Task directions>
I'd like every line from the material below that has "sociétal" in it.

Data for review>
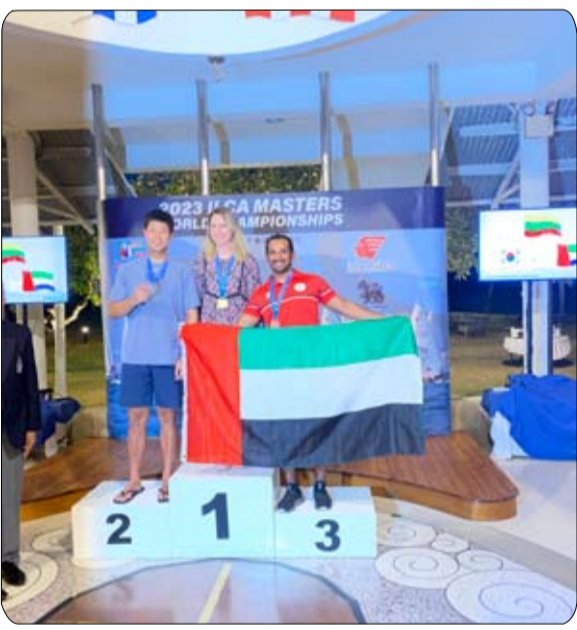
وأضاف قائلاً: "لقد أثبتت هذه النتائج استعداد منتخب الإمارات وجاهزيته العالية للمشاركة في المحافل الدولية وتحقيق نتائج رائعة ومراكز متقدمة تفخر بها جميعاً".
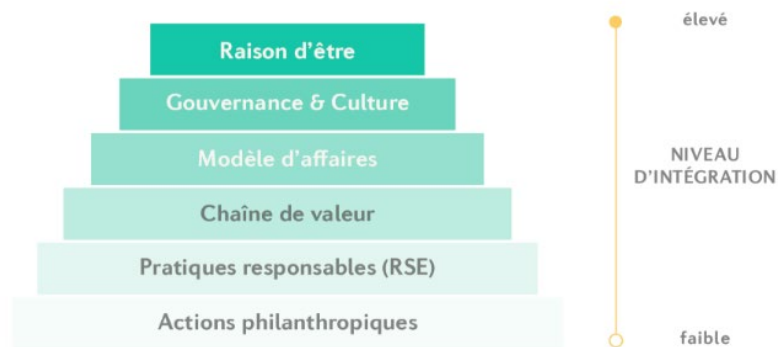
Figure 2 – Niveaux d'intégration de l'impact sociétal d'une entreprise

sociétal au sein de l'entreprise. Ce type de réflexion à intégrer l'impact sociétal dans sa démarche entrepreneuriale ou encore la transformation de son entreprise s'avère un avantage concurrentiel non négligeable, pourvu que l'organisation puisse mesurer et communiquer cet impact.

--

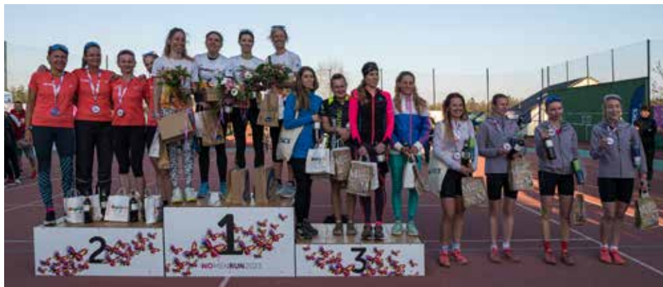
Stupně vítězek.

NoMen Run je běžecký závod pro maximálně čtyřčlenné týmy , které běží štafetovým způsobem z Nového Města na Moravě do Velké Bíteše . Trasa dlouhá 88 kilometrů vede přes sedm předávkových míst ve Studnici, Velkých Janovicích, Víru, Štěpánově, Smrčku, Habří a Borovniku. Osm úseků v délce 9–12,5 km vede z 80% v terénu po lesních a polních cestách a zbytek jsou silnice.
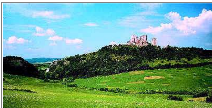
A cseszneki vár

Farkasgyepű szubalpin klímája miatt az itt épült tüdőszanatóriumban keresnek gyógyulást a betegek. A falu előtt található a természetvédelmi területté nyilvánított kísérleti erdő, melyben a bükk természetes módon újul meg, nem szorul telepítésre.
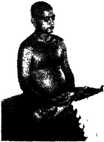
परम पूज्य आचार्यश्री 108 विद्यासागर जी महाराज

...

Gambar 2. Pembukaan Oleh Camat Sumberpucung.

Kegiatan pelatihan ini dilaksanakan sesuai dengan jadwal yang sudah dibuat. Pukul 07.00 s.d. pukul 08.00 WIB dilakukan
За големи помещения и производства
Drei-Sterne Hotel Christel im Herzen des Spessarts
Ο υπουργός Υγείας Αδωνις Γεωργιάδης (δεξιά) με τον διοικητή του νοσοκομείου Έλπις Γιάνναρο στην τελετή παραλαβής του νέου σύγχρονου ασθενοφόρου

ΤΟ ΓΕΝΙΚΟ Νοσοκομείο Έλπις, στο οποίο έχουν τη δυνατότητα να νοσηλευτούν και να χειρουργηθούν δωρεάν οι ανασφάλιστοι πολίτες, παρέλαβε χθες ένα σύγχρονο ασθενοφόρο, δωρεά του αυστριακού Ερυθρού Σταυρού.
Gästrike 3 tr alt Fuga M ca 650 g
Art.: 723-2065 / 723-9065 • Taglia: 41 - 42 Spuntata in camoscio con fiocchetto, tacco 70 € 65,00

Answer to the exercise>
Figure 2 – Niveaux d'intégration de l'impact sociétal d'une entreprise
sociétal au sein de l'entreprise. Ce type de réflexion à intégrer l'impact sociétal dans sa démarche entrepreneuriale ou encore la transformation de son entreprise s'avère un avantage concurrentiel non négligeable, pourvu que l'organisation puisse mesurer et communiquer cet impact.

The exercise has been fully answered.